Christian J Ward, Yext (23:21) Yes. So at the beginning of the year, think it was actually a battle between GPT or OpenAI and Claude and Thropic. Particularly for those of us, mean, if we break this up, I just want to caveat. Whenever I'm talking about models, there's sort of three audiences I'm thinking about. The people that code and engineer, they have a very different use case than ⁓ the classic sort of consumer journey use case. And then there's sort of the brand marketer use case. So there's three here, but I'll say on the coding and brand marketing, Claude and ChatGPT were really crushing. I think the big winner though, like if I'm looking at the models, it was Gemini 3. Google, look, Google for a long time, do you remember all the headlines at beginning of the year of that Google, Google's on the run, like Google's being, Google, I think Gemini 3 was not only are here, we're ahead. And I think for many people that was like, me included, I was so glad to see that. I think the beauty of it is, You have a company that has one of the most or the most successful business model in the history of business, like one of them. And you have them, you have them not falling in the innovators dilemma, in my opinion, but running boldly into this future. And that was great because it's going to keep the competitive landscape going. So I think, think, I think Anthropic and to their credit, OpenAI, their newest model is doing phenomenal as well. remember, like you said, I haven't seen an arms race like this since I was a kid watching Reagan and Gorbachev. Like this is incredible. It's every few weeks. I think, look, I don't think it's going to slow down. think 2026, we're going to see the same level, if not faster, but you're going to see it into multimodals and all these other areas.
Rebecca Colwell (25:02) Yeah. Incredible. ⁓ To wrap us up, what is your biggest prediction for the coming year?
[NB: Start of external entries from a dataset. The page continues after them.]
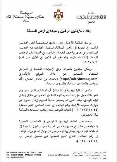 خبرني – أعلنت السفارة الأردنية في مصر بدء عملية الحجز على رحلات المرحلة الرابعة للأردنيين الراغبين بالعودة إلى المملكة، ممن سجلوا في المراحل السابقة.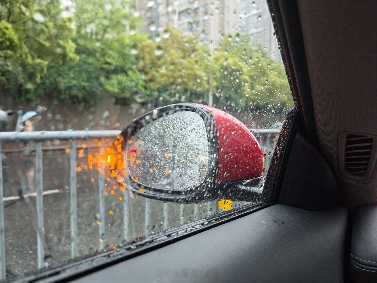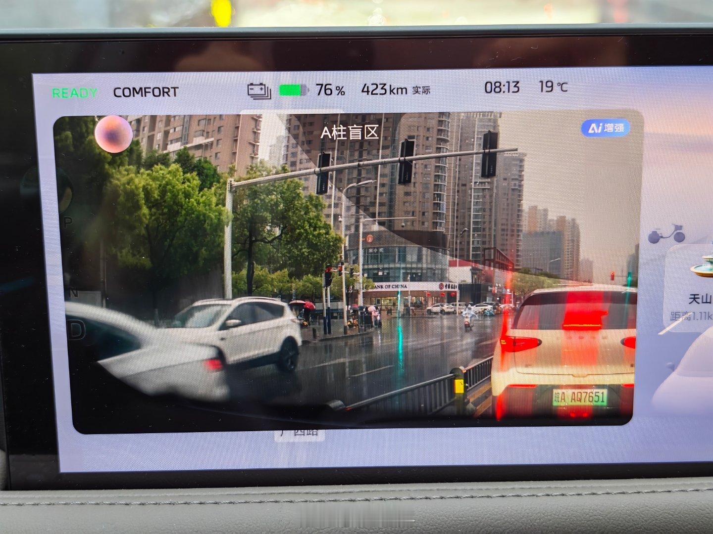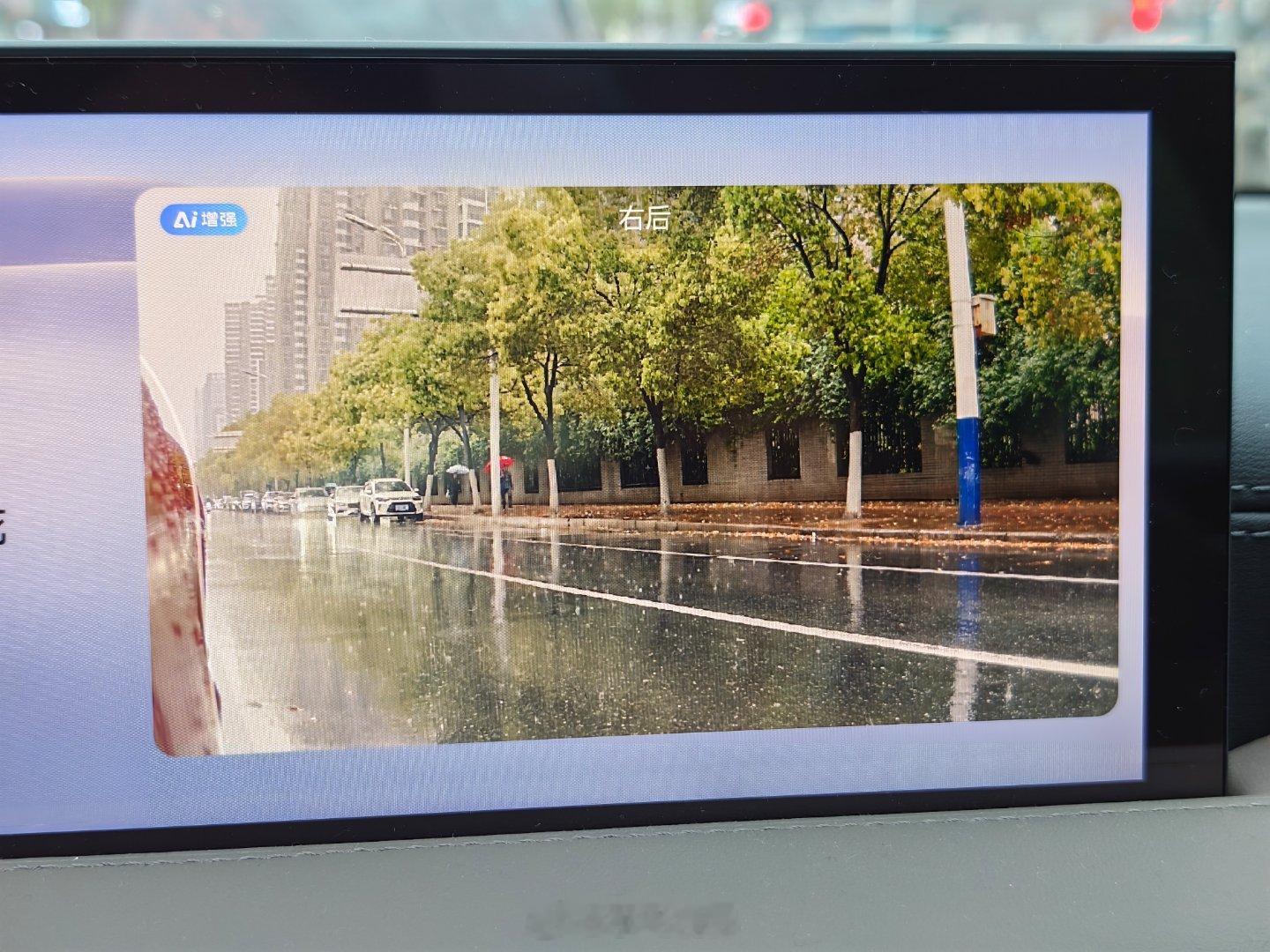 下雨天这种传统后视镜简直就没法用了,根本看不清路。幸好我这个智己L6上面带这种电子摄像头,增强后的画面把雨滴都去除了,很高清。不过今天细看这左边的画面,好像多了一半阴影,跟右边不一样。擦了下镜头也不行,先不管了不太影响使用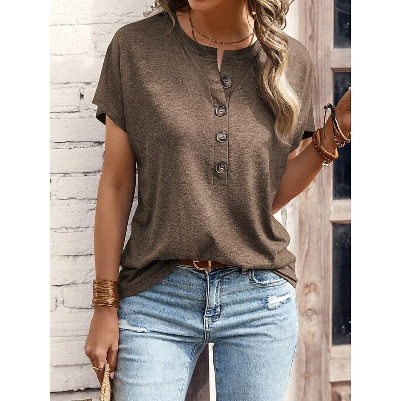 Highlights [Fabric] : Crafted from a lightweight polyester blend, this women's T-shirt ensures breathability and comfort, making it ideal for summer wear. The fabric's micro-elastic properties provide a slight stretch for ease of movement. [Fit] : The shirt features a regular fit, offering a comfortable and relaxed silhouette. The short sleeves are designed for freedom of movement, making this top a versatile addition to any casual wardrobe. [Design Highlights] : This T-shirt showcases a classic round neckline paired with a chic button-up front. The four decorative buttons add a touch of elegance to the otherwise simple design. It comes in a variety of colors including blue, brown, green, black, pink, and khaki, allowing for diverse styling options. [Occasions] : Perfect for daily wear and weekend outings, this T-shirt pairs effortlessly with jeans or shorts for a laid-back yet stylish look. Its simplicity and versatility make it suitable for casual outings and relaxed social events. [Size Range] : Available in sizes S, M, L, XL, and 2XL, this top caters to a wide range of body types, ensuring a comfortable fit for everyone.

Christian J Ward, Yext (25:22) I well, I'll go back to where we started where I think verification of information is going to continue to be a really big space. I think most people are going to start really questioning and wanting to know, hey, the model is doing the following. I think that will be a big trend. But going forward, I think what everybody was sort of guessing earlier was adoption. But really what you're going to start seeing is the addition of all the other modalities, all the other experiences. And my big prediction for this coming year is memory. To me, memory is this huge unlock. ⁓ Sam Altman's already said, GPT-6 will be almost exclusively about memory, but memory gemini is already demonstrating how powerful it is. But people and humans, we are going to have a mildly existential concern with having beings that remember everything. And that's gonna be both a blessing and a curse. Forgive and forget and humanity, we forgive most of the time because we forget. We're designed to forget. we're now going to have a compatriot that forgets nothing. So I think 2026 is going to be the year of memory and quite frankly, the year of personalization in a way that the consumer or the human is more empowered because they're using an AI agent to control what is shared with brands and businesses. This will be uncomfortable for marketers who want to know everything about you and I and where we went for dinner last night and everything in between. It's going to be uncomfortable, but this is a better path. It's just going to be different than everyone.
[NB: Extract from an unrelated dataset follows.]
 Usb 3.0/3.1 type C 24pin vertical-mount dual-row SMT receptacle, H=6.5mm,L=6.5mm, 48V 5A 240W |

Rebecca Colwell (26:53) Okay, so memory and personalization. We have it recorded for posterity. So many years from now gonna see how it played out. ⁓ Yes, and I bet we'll be talking about it ⁓ every couple of weeks on the visibility brief. So thank you so much for joining us, Christian. I hope you have a really restful holiday.
Christian J Ward, Yext (27:02) Excellent. You as well. Great to see you.
Rebecca Colwell (27:15) Thanks. And thank you all for joining us for our final episode of the Visibility Brief in 2026. Thanks for listening and we'll see you next year.